*EXERCISE PROMPT*
I'd like the data beneath this line reproduced exactly, without any of its images.

*RECORDED DATA*
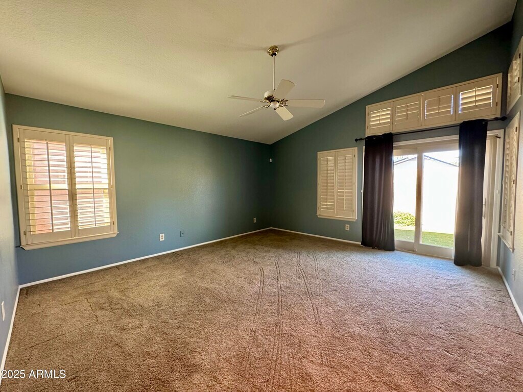 Discover your serene getaway in Paradise Manor! Step through the charming front courtyard,an ideal spot to relax,and into this single-level home featuring 3 bedrooms,2 bathrooms,and a 2-car garage. Perfectly suited for families or those looking to simplify,the home offers a welcoming mix of engineered hardwood,tile,and carpet. The master suite features brand-new carpet (installed May 2025) for a fresh touch. The spacious great room,highlighted by vaulted ceilings and a cozy wood-burning fireplace,provides the perfect backdrop for gatherings or quiet nights in. Comfort comes easy with a 5-year-old AC unit and a brand-new water softener system (May'25). Outside,the backyard is designed for low-maintenance living with a newer drip irrigation system.
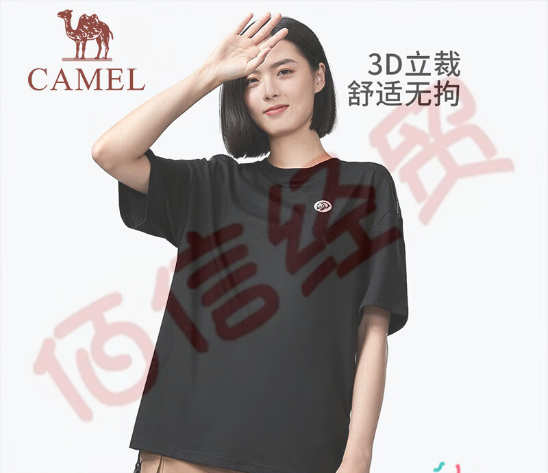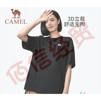 骆驼(CAMEL)【熊猫】户外吸湿速干男女情侣短袖上衣春夏宽松运动服装 A13BAVV112,幻影黑,男女同款 S 自营
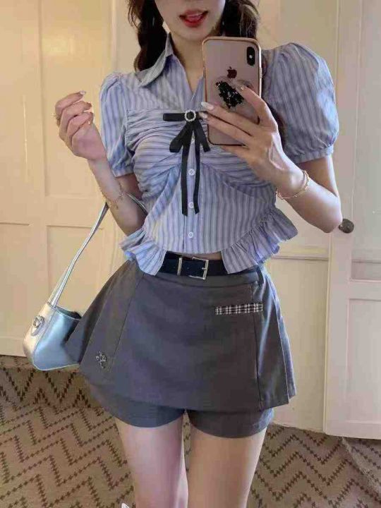 [月亮]:7.8清390件[月亮]:学院风褶皱蓝色条纹纽扣辣妹衬衫[月亮]:1234码...
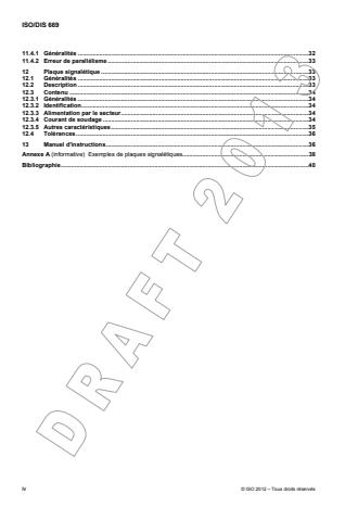 ISO 669:2016 is a standard published by the International Organization for Standardization (ISO). Its full title is "Resistance welding - Resistance welding equipment - Mechanical and electrical requirements". This standard covers: ISO 669:2016 defines and specifies certain identified electrical and mechanical characteristics of equipment used for - resistance spot welding, - projection welding, - resistance seam welding, - upset welding[1], and ? flash welding[2]. ISO 669:2016 specifies the information to be given in equipment specifications and the test methods to be used for measuring those characteristics. Not all requirements apply to all types of equipment. The following types of power sources are included: - single phase with alternating welding current; - single phase with rectified welding current by rectification of the output of the welding transformer; - single phase with inverter welding transformer; - three phase with rectified welding current by rectification of the output of the welding transformer; - three phase with a current rectification in the input of the welding transformer (sometimes called frequency convertor); - three phase with inverter welding transformers. ISO 669:2016 Standard does not apply to welding transformers that are separate from the equipment. NOTE Safety requirements for resistance welding equipment are covered by IEC 62135?1. [1] Often referred to by the non-preferred term, butt welding. [2] Often referred to by the non-preferred term, flash butt welding.

*ANSWER SECTION*
 Discover your serene getaway in Paradise Manor! Step through the charming front courtyard,an ideal spot to relax,and into this single-level home featuring 3 bedrooms,2 bathrooms,and a 2-car garage. Perfectly suited for families or those looking to simplify,the home offers a welcoming mix of engineered hardwood,tile,and carpet. The master suite features brand-new carpet (installed May 2025) for a fresh touch. The spacious great room,highlighted by vaulted ceilings and a cozy wood-burning fireplace,provides the perfect backdrop for gatherings or quiet nights in. Comfort comes easy with a 5-year-old AC unit and a brand-new water softener system (May'25). Outside,the backyard is designed for low-maintenance living with a newer drip irrigation system.
 骆驼(CAMEL)【熊猫】户外吸湿速干男女情侣短袖上衣春夏宽松运动服装 A13BAVV112,幻影黑,男女同款 S 自营
 [月亮]:7.8清390件[月亮]:学院风褶皱蓝色条纹纽扣辣妹衬衫[月亮]:1234码...
 ISO 669:2016 is a standard published by the International Organization for Standardization (ISO). Its full title is "Resistance welding - Resistance welding equipment - Mechanical and electrical requirements". This standard covers: ISO 669:2016 defines and specifies certain identified electrical and mechanical characteristics of equipment used for - resistance spot welding, - projection welding, - resistance seam welding, - upset welding[1], and ? flash welding[2]. ISO 669:2016 specifies the information to be given in equipment specifications and the test methods to be used for measuring those characteristics. Not all requirements apply to all types of equipment. The following types of power sources are included: - single phase with alternating welding current; - single phase with rectified welding current by rectification of the output of the welding transformer; - single phase with inverter welding transformer; - three phase with rectified welding current by rectification of the output of the welding transformer; - three phase with a current rectification in the input of the welding transformer (sometimes called frequency convertor); - three phase with inverter welding transformers. ISO 669:2016 Standard does not apply to welding transformers that are separate from the equipment. NOTE Safety requirements for resistance welding equipment are covered by IEC 62135?1. [1] Often referred to by the non-preferred term, butt welding. [2] Often referred to by the non-preferred term, flash butt welding.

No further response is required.